=== YOUR INSTRUCTIONS ===
Write out the data that follows exactly, keeping every picture out.

=== SUPPLIED MATERIAL ===
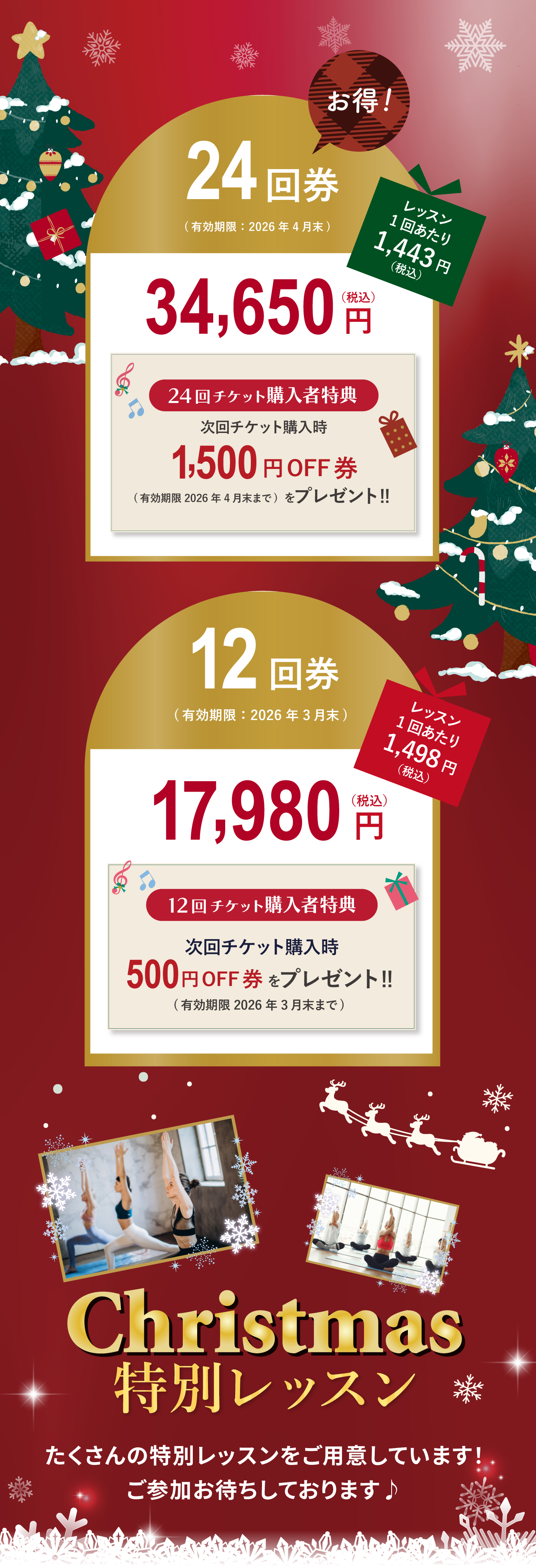 スタジオからのお知らせ 年に1度のクリスマスチケット限定販売![販売期間:2025/12/1(月)~12/29(月)] ヨガヴィオラトリコロール 2025年11月11日 ▶︎▶︎特別レッスン詳細 ※クリスマス特別レッスンは変更となる可能性がございます。 ヴィオラトリコロールサポートセンター TEL:06-6926-8422 受付時間:月-金 10:00~18:00 休み:土日祝 お問い合わせ □ヨガ・ピラティス スタジオ □ヨガ・ピラティス インストラクター養成スクール □リフォーマースタジオ
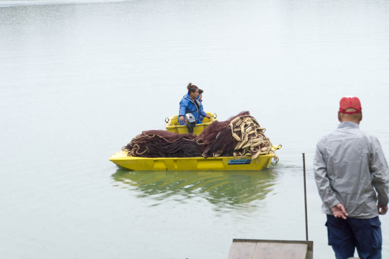そして舟は池の中央あたりに移動し、網の片側を設置。
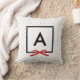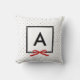Chic monogram pillow featuring a black bordered square with a red ribbon against a black and white polka dot pattern. It makes great gifts for family and friends or for yourself to decorate your home or dorm room.

=== TASK SOLUTION ===
 スタジオからのお知らせ 年に1度のクリスマスチケット限定販売![販売期間:2025/12/1(月)~12/29(月)] ヨガヴィオラトリコロール 2025年11月11日 ▶︎▶︎特別レッスン詳細 ※クリスマス特別レッスンは変更となる可能性がございます。 ヴィオラトリコロールサポートセンター TEL:06-6926-8422 受付時間:月-金 10:00~18:00 休み:土日祝 お問い合わせ □ヨガ・ピラティス スタジオ □ヨガ・ピラティス インストラクター養成スクール □リフォーマースタジオ
そして舟は池の中央あたりに移動し、網の片側を設置。
Chic monogram pillow featuring a black bordered square with a red ribbon against a black and white polka dot pattern. It makes great gifts for family and friends or for yourself to decorate your home or dorm room.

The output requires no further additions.